The four pillars Loveless told students to lean into as they enter the workforce included:
• Do something you love;
• Accept criticism and learn from it;
• Be a self-starter, taking initiative to make changes; and
• Strive to do your best at every turn.
Loveless said one of the most valuable lessons he learned from Sam Walton came after he was working in operational management and was sent to Kansas City to scope out the No. 1 grossing K-Mart store in the nation.
“We had traveled to Kansas City for other business and Sam sent me to K-Mart to take notes of what I saw. I was not impressed, the K-Mart store was dirty, empty shelves and looked inferior to the Wal-Mart in my eyes. That’s what I told him,” Loveless said.
What happened next was shocking and life-changing for Loveless.
“He told me that he should have never hired me and he couldn’t believe that’s what I saw in the K-Mart store. He sent me back up there to spend two days and write down everything I saw that store doing better than us,” Loveless shared.
That lesson was at the core of what Sam Walton was about, “learning everything he could to be the best retailer in the world,” he added. “People who think Sam Walton cared about money have it got it wrong.”
Loveless said Walton never had money on him and he retold a story at the urging of Daniel Shewmaker, Jack Shewmaker’s son who is a board trustee at the NWACC.
Loveless said shortly after Wal-Mart stock went public, Walton, Jack Shewmaker and David Glass made a trip to Europe to promote the stock. Walton seeking to save money rented an economy Volkswagon Golf to make the drive on the Autobahn from Germany to Paris.
He said the tiny Volkswagon was loaded down with boxes of documents and the luggage and could in no way keep up speed on the Autobahn. When they reached Paris, he said a bell boy offered to unload the car and take the luggage boxes up to their rooms.

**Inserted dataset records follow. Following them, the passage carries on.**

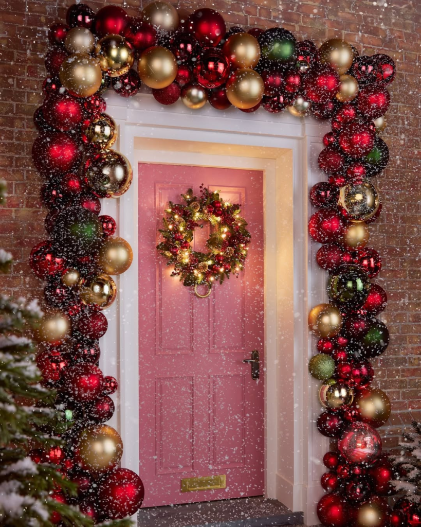 A pink front door serves as a bold focal point, elevated by an oversized metallic garland in deep reds, golds, and berry tones. Contrasting textures—from soft florals to shimmering baubles—create a fairytale-like spring scene with a glamorous twist. Unexpected and confident, this design blends holiday cheer with high style, showing that seasonal décor can be festive without losing sophistication.
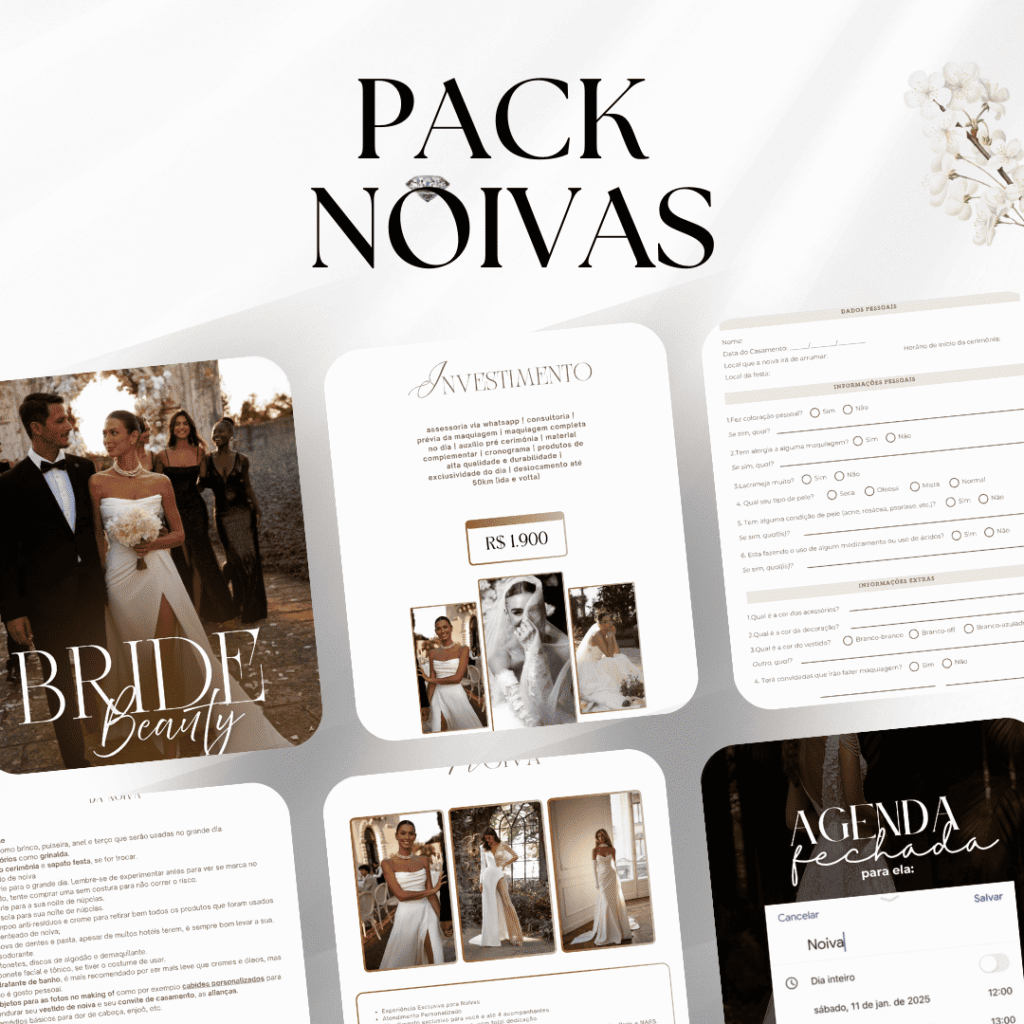 Para Empreendedores/Profissionais que fazem atendimento de noivas, e entendem a necessidade de ter uma apresentação dos seus serviços de forma profissional para se destacar e atrair mais clientes.
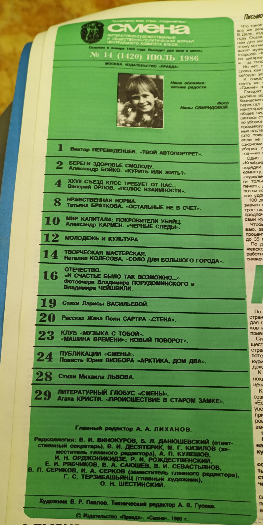 СМЕНА.Номер 14,июль 1986г..Литературно-художественный и общественно-политический журнал ЦК ВЛКСМ.
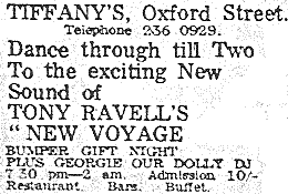 When I worked at Tiffany's, Bill Pye was manager. Tony Ravell's New Voyage was the resident band. Tony played bass, a sunburst Fender precision. Clem Lee was drummer Shann and Sheen the singers Jim played Hammond organ can't remember the guitarist. But later the blind guitarist was Billy who could also play Elton John's Your Song on piano. Sheen left and Shann was with Jean Barrow (nee Harris).Shann left at the same time as Clem, who were married,to start a recording studio in Manchester. So in came Linda Rothwell to replace Shann. Jean married Herman Hermits, ex bassist Dave Barrow. Today Shann sings on a regular basis in Deal, Kent. Jean still sings in Manchester. Linda Rothwell moved out to the States and still sings too.
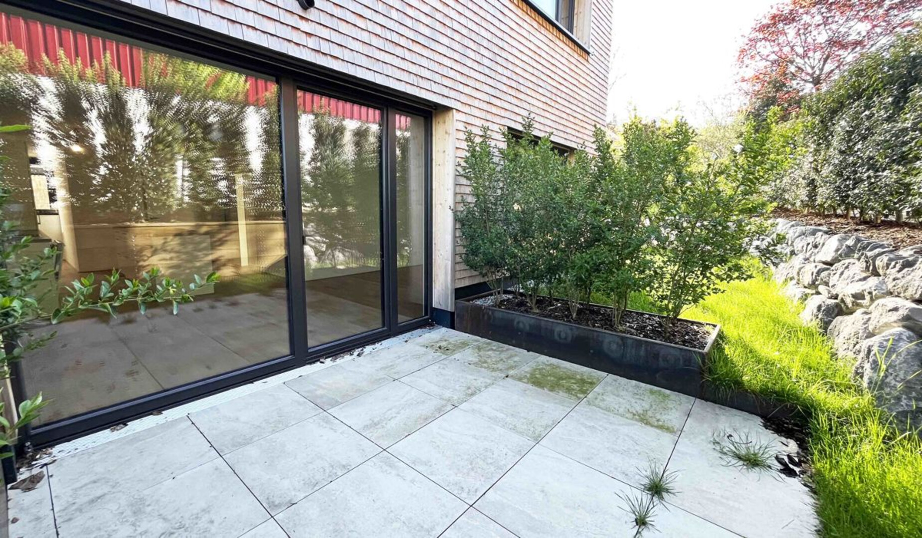Den Bewohnern stehen außerdem ein Kinderspielplatz, eine gemütliche Sitzecke im Freien, ein Trockenraum sowie ein Fahrradraum zur gemeinschaftlichen Nutzung zur Verfügung. Zur Wohnung gehören zudem ein Garagenstellplatz und ein eigener Kellerraum. Für Besucher sind zwei überdachte Stellplätze sowie ein zusätzlicher Außenstellplatz vorhanden.
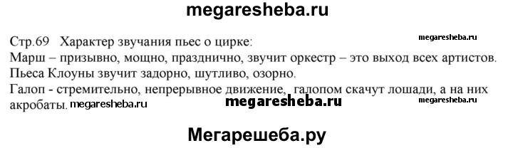 Подробный решебник (ГДЗ) по Музыке за 1 (первый) класс - готовый ответ страница - 69. Авторы учебника: Критская, Сергеева, Шмагина. Издательство: Просвещение 2017.
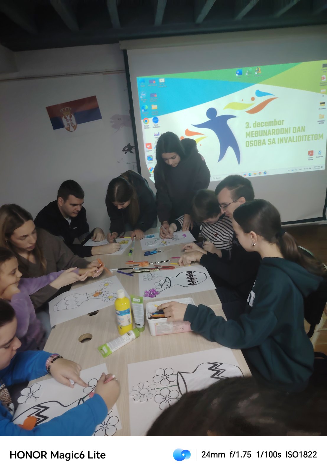 Дана 19.11.2025.ученици одељења VII1 заједно са наставницом енглеског језика и педагошком саветницом Сањом Симић де Граф учествовали су у социо-едукативној радионици за децу са сметњама у развоју у Омладинском центру.
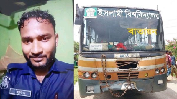 কাগজ প্রতিবেদক ॥ কুষ্টিয়ায় দায়িত্বপালন করা অবস্থায় ইসলামী বিশ্ববিদ্যালয়ের শিক্ষার্থী বহনকারী বাসের চাপায় পুলিশের এক সদস্য নিহত হয়েছেন। গতকাল শনিবার (২৮ জুন) সকাল সাড়ে ১০টায় সদর উপজেলার ভাদালিয়া এলাকায় অবস্থিত
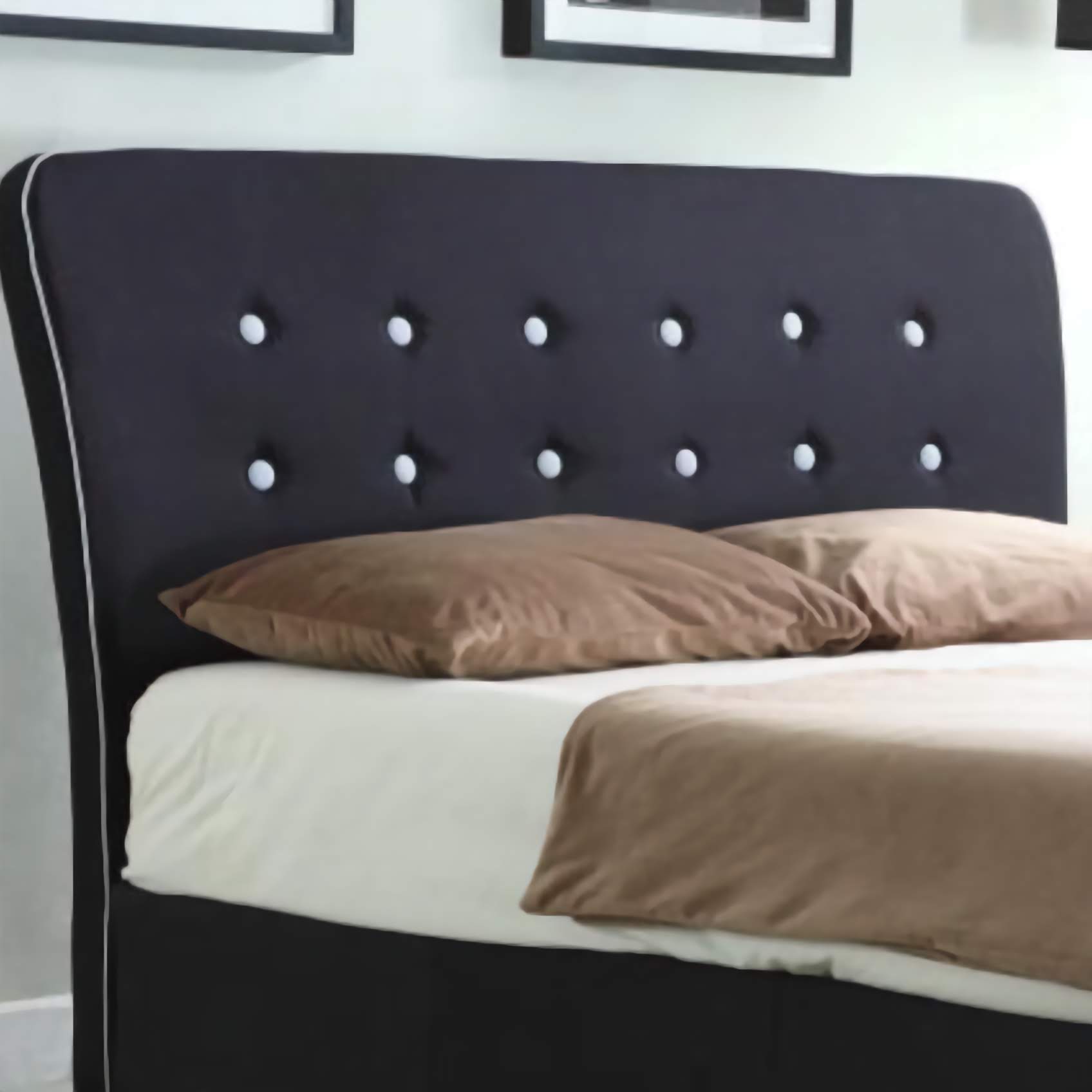 Details about Black Linen King Size Bed with White Piping
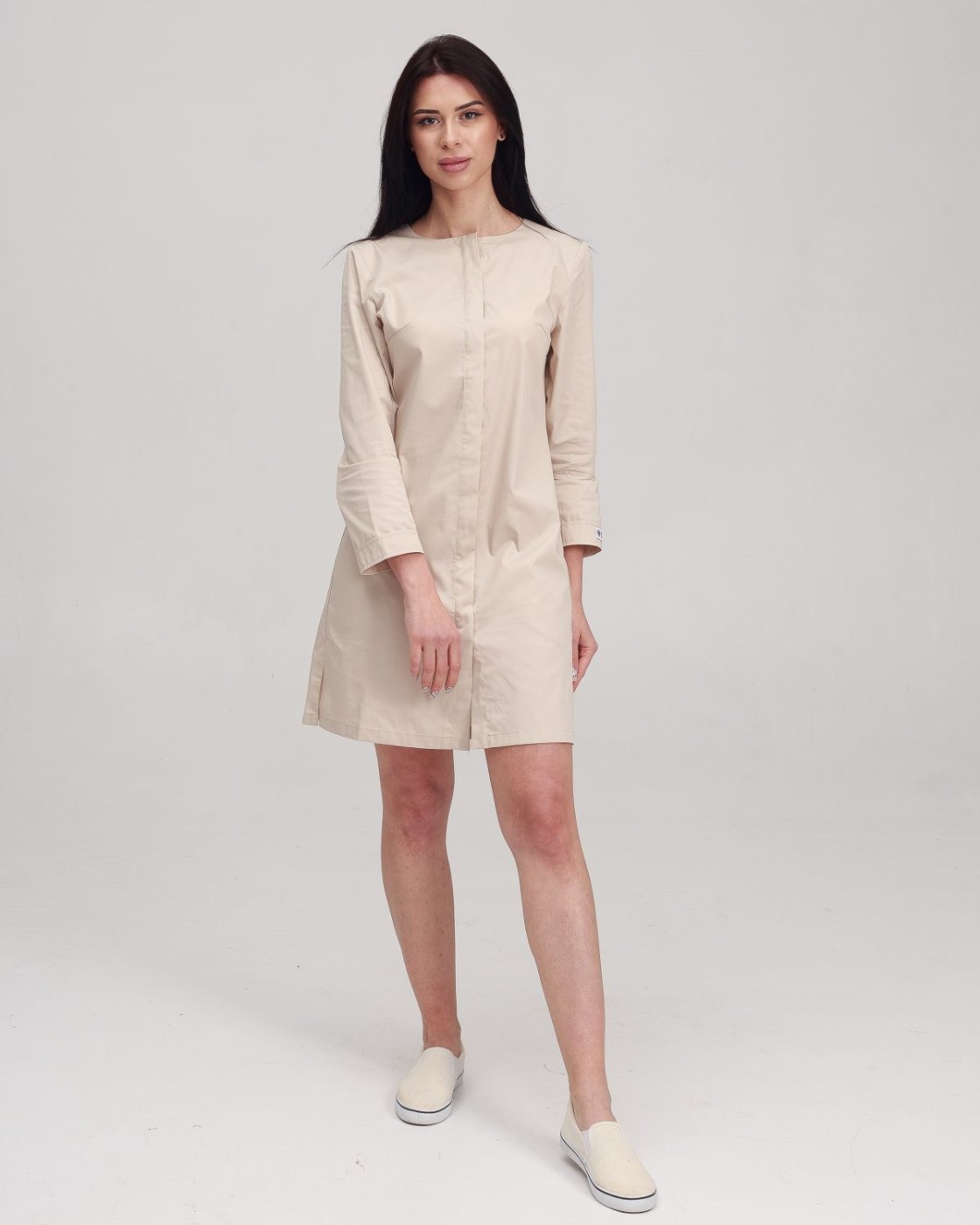 Напівприталений халат довжиною до колін. Практична довжина рукава 7/8, лівий рукав декорований брендованою нашивкою. Халат застібається на ряд потаємних гудзиків, виріз горловини - у формі напівчовника. Є 2 кишені.

“Sam told Jack (Shewmaker) I’ll get the tip and he handed the bell boy a U.S. quarter,” which Loveless said left them all speechless.
When the Walton family home burned, Sam moved into a trailer in and would have been content to live in it forever, but the company officers finally convinced him to rebuild, Loveless said.
Loveless rose to the ranks as the first CEO of Sam’s Club, a post he held for four years before retiring from retail in 1987. He remains connected to the local retail community as a consultant, mentor and public speaker.
“I want to commend Dr. Evelyn Jorgenson on inviting me to be the speaker tonight. She could have booked Hillary Clinton for $300,000, instead the college has saved $300,000 by asking me,” Loveless joked.